# Exercise directions
Look below for the line that has "Maglia sportiva a"; output exactly from it through the line that has "Solitär Ohrstecker 2.0ct", and leave the pictures out.

# Entries supplied
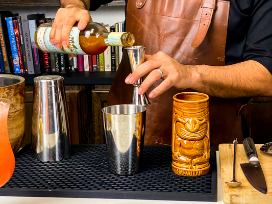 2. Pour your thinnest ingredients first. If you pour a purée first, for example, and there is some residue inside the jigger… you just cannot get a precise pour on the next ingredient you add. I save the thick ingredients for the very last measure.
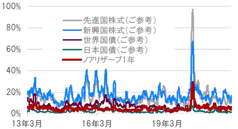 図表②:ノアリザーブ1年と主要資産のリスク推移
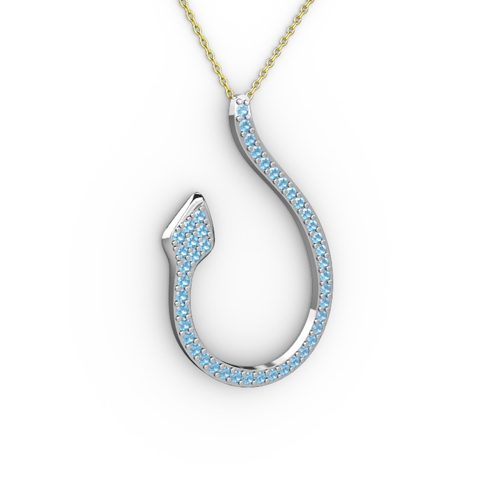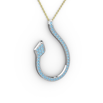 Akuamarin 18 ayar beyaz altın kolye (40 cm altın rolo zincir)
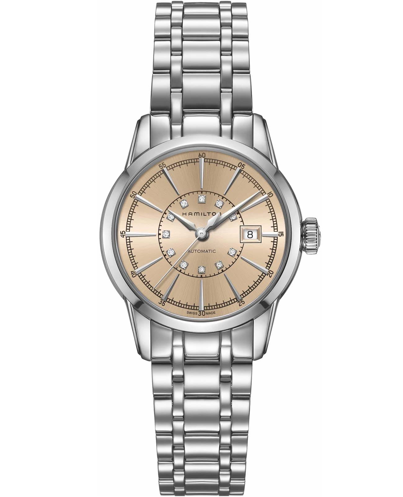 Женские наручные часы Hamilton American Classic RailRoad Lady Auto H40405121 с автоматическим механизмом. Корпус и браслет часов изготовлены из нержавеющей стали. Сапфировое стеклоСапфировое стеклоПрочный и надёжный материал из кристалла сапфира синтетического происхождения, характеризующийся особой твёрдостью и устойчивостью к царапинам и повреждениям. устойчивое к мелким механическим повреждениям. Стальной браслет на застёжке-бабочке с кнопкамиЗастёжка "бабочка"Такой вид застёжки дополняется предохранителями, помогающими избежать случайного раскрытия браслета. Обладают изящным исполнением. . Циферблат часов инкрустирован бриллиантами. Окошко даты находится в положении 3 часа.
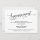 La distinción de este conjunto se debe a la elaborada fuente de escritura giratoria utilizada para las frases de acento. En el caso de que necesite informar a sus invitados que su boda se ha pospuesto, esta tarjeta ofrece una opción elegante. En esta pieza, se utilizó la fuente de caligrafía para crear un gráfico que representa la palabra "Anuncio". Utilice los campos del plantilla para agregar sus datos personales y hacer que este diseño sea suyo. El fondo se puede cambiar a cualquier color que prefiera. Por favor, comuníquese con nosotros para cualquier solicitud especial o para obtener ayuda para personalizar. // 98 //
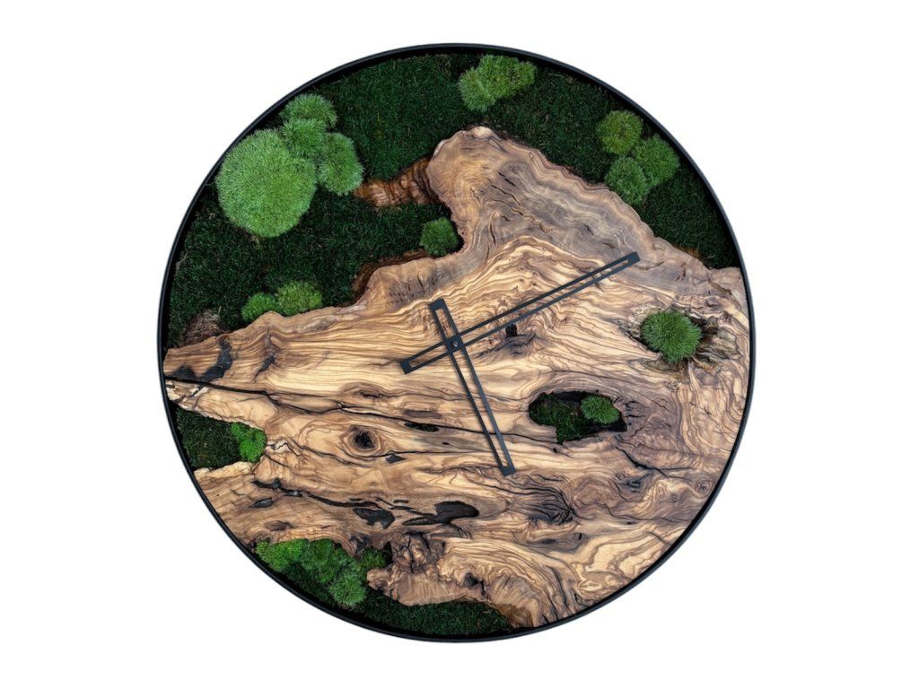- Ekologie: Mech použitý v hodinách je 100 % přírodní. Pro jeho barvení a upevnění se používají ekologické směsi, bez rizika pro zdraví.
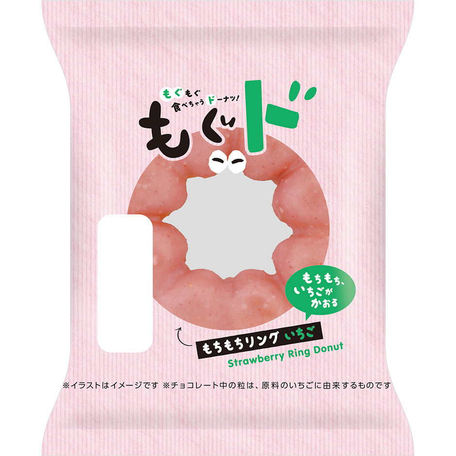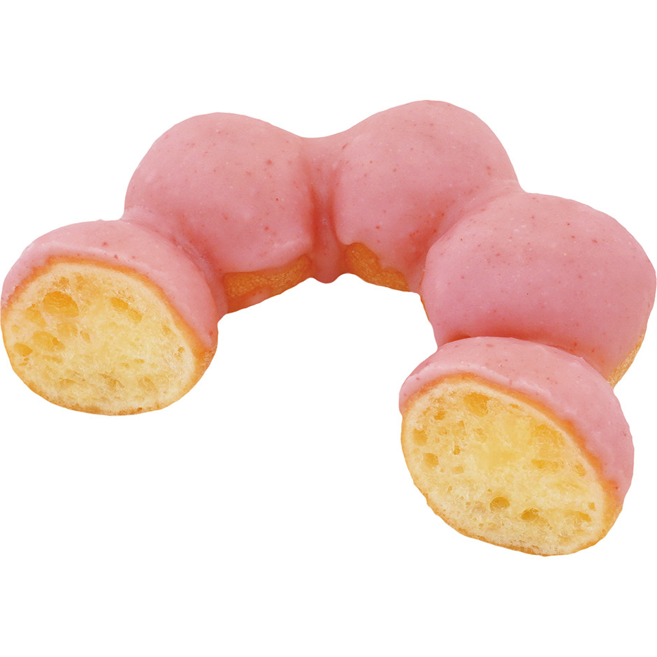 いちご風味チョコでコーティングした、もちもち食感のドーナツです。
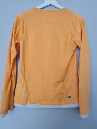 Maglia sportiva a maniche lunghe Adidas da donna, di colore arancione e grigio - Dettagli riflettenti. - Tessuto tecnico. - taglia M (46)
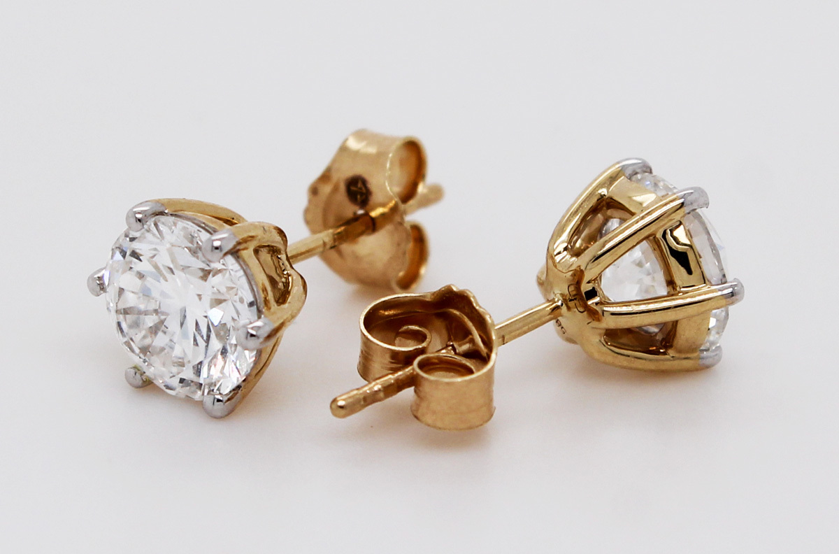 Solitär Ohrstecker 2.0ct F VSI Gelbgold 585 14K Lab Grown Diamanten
...
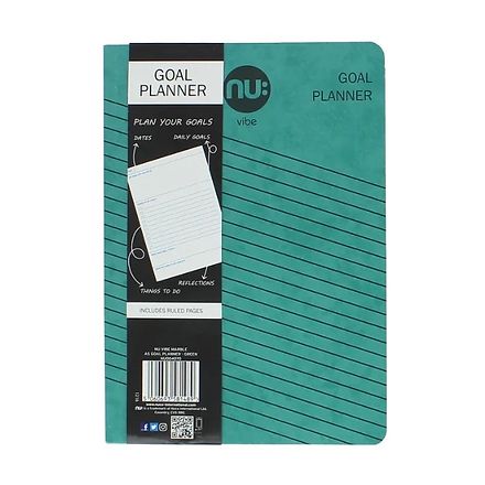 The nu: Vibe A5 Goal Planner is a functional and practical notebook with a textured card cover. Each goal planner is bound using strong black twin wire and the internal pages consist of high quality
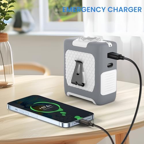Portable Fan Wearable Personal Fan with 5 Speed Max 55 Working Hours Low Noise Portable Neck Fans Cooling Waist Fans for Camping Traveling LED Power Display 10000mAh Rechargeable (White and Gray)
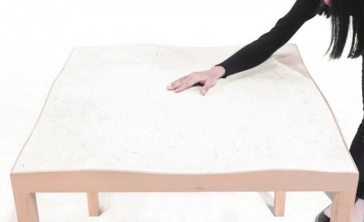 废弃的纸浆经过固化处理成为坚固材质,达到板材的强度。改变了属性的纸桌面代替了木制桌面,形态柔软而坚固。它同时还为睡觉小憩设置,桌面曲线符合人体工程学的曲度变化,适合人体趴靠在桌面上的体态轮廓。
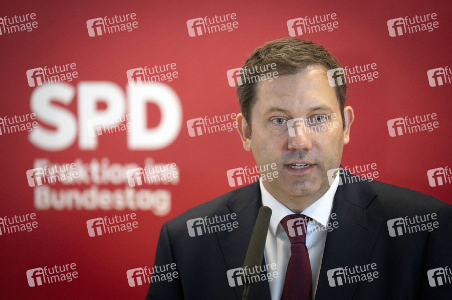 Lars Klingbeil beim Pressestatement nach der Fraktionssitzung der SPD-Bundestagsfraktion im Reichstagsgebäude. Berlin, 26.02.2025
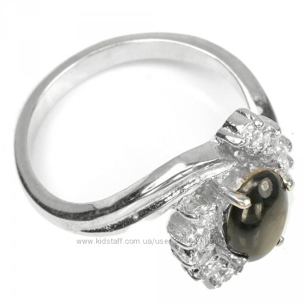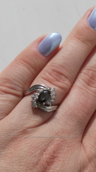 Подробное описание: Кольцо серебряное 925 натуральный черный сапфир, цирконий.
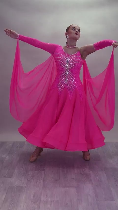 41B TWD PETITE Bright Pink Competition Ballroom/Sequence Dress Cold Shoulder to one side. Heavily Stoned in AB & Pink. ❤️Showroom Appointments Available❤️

# Answer to this exercise
 Maglia sportiva a maniche lunghe Adidas da donna, di colore arancione e grigio - Dettagli riflettenti. - Tessuto tecnico. - taglia M (46)
 Solitär Ohrstecker 2.0ct F VSI Gelbgold 585 14K Lab Grown Diamanten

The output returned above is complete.